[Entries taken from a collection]

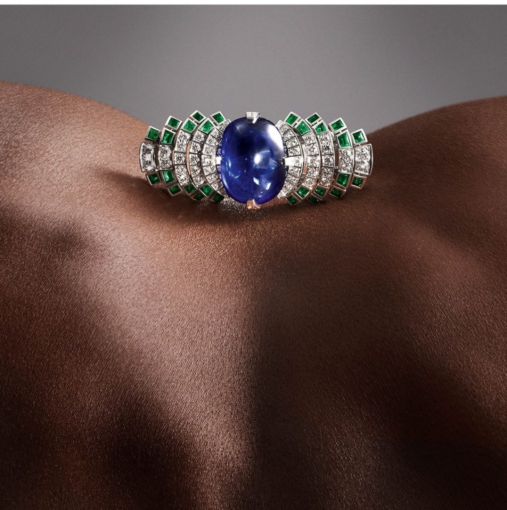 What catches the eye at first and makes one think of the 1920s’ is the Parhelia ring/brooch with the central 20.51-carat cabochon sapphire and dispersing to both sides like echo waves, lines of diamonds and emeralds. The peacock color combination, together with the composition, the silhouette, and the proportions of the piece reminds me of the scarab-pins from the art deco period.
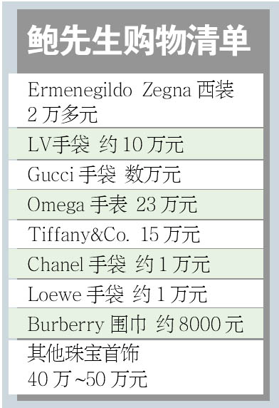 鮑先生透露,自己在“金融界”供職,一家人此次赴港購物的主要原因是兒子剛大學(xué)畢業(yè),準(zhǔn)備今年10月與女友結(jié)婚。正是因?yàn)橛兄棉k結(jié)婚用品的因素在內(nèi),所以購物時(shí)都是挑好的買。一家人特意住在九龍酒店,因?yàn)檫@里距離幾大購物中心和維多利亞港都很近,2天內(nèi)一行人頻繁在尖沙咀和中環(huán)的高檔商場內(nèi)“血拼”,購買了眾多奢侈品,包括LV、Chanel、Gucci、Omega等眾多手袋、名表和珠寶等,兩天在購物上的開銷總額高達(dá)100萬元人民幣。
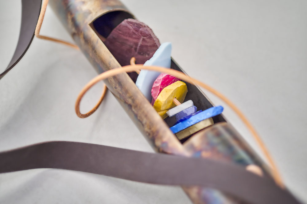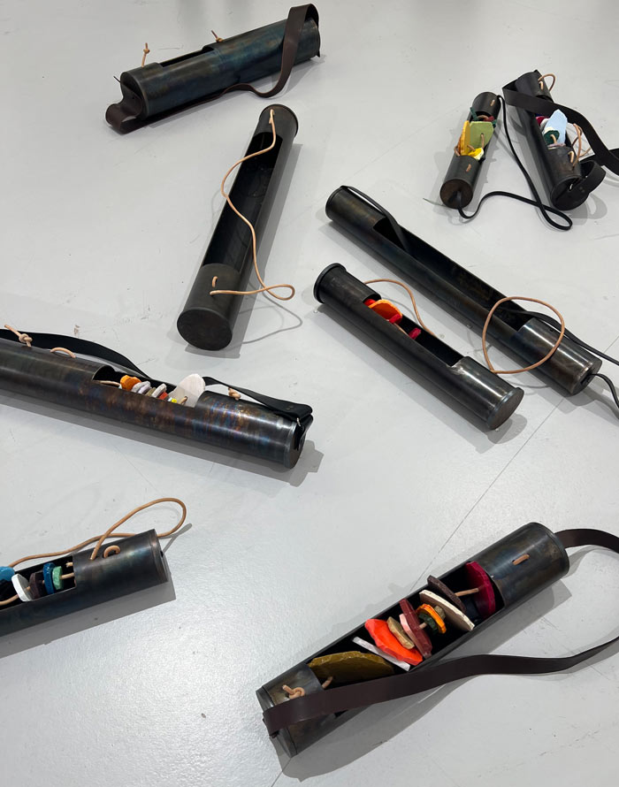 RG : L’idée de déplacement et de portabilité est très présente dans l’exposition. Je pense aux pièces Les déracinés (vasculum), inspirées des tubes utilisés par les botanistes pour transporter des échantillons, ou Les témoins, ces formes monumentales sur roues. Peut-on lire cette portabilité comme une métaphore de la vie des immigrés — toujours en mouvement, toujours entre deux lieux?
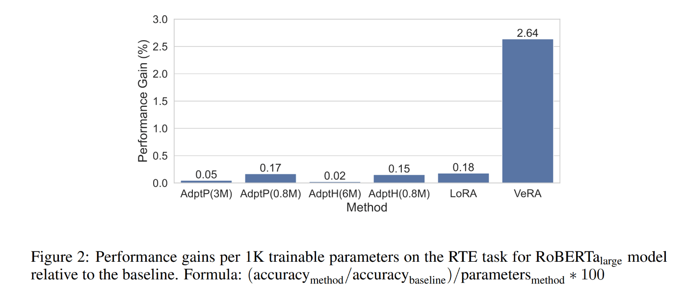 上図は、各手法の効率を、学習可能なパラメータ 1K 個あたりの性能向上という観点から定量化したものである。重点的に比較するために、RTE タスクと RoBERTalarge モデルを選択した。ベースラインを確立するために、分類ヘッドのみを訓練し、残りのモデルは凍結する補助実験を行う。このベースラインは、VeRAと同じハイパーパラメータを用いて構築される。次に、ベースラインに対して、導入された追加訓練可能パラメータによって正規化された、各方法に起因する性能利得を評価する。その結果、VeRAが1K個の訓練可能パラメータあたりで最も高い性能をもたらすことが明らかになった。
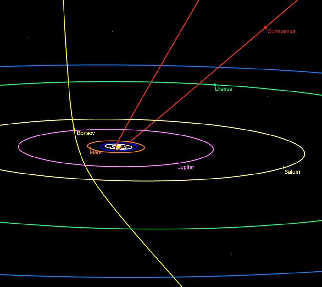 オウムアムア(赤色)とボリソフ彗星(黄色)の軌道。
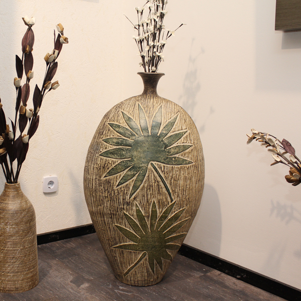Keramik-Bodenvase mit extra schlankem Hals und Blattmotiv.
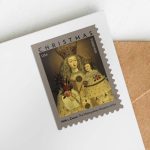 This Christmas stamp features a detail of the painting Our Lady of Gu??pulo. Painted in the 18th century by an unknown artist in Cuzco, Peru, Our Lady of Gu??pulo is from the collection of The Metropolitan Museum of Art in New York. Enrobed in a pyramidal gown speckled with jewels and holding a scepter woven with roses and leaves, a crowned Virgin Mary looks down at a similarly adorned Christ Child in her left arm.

--

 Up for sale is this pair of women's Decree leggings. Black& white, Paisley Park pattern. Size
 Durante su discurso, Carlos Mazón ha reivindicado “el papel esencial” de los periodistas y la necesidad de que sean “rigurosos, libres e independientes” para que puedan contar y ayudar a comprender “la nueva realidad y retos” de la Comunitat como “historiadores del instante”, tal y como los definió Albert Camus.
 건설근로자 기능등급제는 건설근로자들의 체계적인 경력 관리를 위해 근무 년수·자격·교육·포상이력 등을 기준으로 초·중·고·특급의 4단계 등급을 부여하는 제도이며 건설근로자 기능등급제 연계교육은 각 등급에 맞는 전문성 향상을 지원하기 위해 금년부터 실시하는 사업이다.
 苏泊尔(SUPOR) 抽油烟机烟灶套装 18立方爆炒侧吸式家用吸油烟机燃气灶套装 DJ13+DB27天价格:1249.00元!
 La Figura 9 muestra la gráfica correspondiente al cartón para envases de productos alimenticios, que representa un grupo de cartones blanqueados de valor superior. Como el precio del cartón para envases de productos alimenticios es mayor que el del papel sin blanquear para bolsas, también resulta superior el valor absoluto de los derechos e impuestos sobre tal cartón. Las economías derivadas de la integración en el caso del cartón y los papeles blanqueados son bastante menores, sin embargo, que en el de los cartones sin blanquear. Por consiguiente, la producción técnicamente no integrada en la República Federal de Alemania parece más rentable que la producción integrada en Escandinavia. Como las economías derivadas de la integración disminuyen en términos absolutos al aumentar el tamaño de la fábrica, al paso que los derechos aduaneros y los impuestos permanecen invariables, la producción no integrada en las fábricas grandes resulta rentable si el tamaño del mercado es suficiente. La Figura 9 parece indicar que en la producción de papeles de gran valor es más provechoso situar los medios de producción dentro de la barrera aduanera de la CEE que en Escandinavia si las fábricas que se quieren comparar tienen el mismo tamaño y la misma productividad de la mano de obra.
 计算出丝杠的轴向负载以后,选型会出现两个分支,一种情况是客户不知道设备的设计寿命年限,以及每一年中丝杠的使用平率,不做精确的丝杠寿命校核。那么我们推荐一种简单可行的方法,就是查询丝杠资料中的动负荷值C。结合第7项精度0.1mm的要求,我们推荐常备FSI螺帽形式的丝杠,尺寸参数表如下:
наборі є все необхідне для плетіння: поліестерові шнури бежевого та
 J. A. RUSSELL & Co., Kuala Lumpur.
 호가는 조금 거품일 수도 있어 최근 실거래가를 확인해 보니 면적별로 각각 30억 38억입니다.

▸ Exercise description
An exact copy of the lines above between the line holding "наборі є все" and the line holding "호가는 조금 거품일 수도", inclusive, is the whole answer.

▸ Response
наборі є все необхідне для плетіння: поліестерові шнури бежевого та
 J. A. RUSSELL & Co., Kuala Lumpur.
 호가는 조금 거품일 수도 있어 최근 실거래가를 확인해 보니 면적별로 각각 30억 38억입니다.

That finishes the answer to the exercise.